For the last (information theory-based) test, we call the function kullback. The result is consistent with LR and \(\chi^2\) tests. As shown below, the observed test statistic is 230.03 and its p-value is 2.22e-16, leading to the rejection of the null.

[35]:
print(giddy.markov.kullback(sm.T))
{'Conditional homogeneity': 230.02662463753222, 'Conditional homogeneity dof': 80, 'Conditional homogeneity pvalue': 2.220446049250313e-16}

LISA Markov

giddy.markov.LISA_Markov(
    self, y, w, permutations=0, significance_level=0.05, geoda_quads=False
)

The Spatial Markov conditions the transitions on the value of the spatial lag for an observation at the beginning of the transition period. An alternative approach to spatial dynamics is to consider the joint transitions of an observation and its spatial lag in the distribution. By exploiting the form of the static LISA and embedding it in a dynamic context we develop the LISA Markov in which the states of the chain are defined as the four quadrants in the Moran scatter plot, namely, HH(=1), LH(=2), LL(=3), HL(=4). Continuing on with our US example, the LISA transitions are:

[36]:
lm = giddy.markov.LISA_Markov(pci.T, w)
print(lm.classes)
[1 2 3 4]

The LISA transitions are:

[37]:
print(lm.transitions)
[[1.087e+03 4.400e+01 4.000e+00 3.400e+01]
 [4.100e+01 4.700e+02 3.600e+01 1.000e+00]
 [5.000e+00 3.400e+01 1.422e+03 3.900e+01]
 [3.000e+01 1.000e+00 4.000e+01 5.520e+02]]
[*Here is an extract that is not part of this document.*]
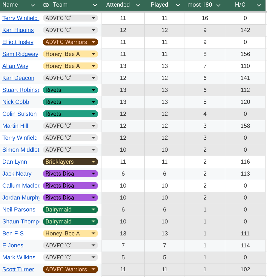 To check out all the stats please goto https://aylesburyvaledartsleague.co.uk/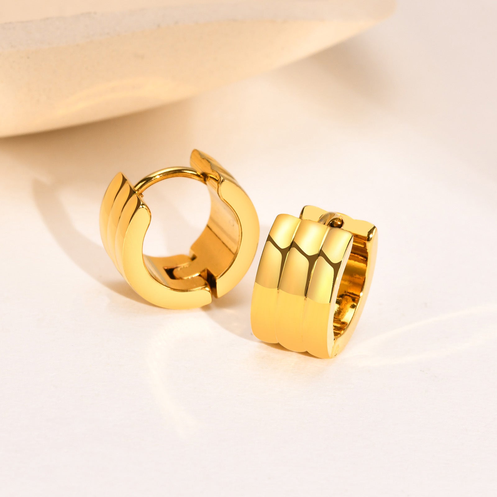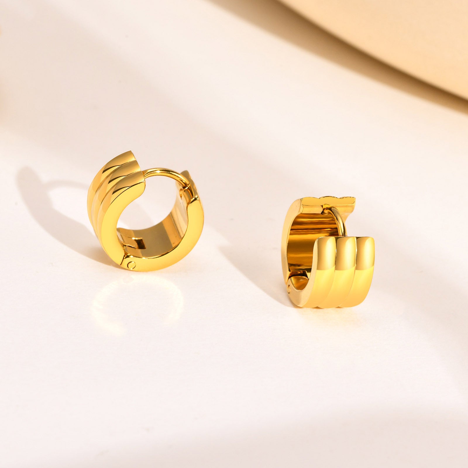 Discover the exquisite ins style European and American earrings Titanium steel earrings Stainless steel three arc earrings Ear buckle 18k gold fashion, where contemporary design meets timeless elegance. Crafted from high-quality titanium and stainless steel, these earrings showcase a stunning three-arc design, perfect for elevating your everyday look or adding a touch of sophistication to any event.

and the estimated transition probability matrix is:

[38]:
print(lm.p)
[[0.92985458 0.03763901 0.00342173 0.02908469]
 [0.07481752 0.85766423 0.06569343 0.00182482]
 [0.00333333 0.02266667 0.948      0.026     ]
 [0.04815409 0.00160514 0.06420546 0.88603531]]

The diagonal elements indicate the staying probabilities and we see that there is greater mobility for observations in quadrants 2 (LH) and 4 (HL) than 1 (HH) and 3 (LL).

The implied long run steady state distribution of the chain is:

[39]:
print(lm.steady_state)
[0.28561505 0.14190226 0.40493672 0.16754598]

again reflecting the dominance of quadrants 1 and 3 (positive autocorrelation). The mean first passage time for the LISAs is:

[40]:
print(giddy.ergodic.mfpt(lm.p))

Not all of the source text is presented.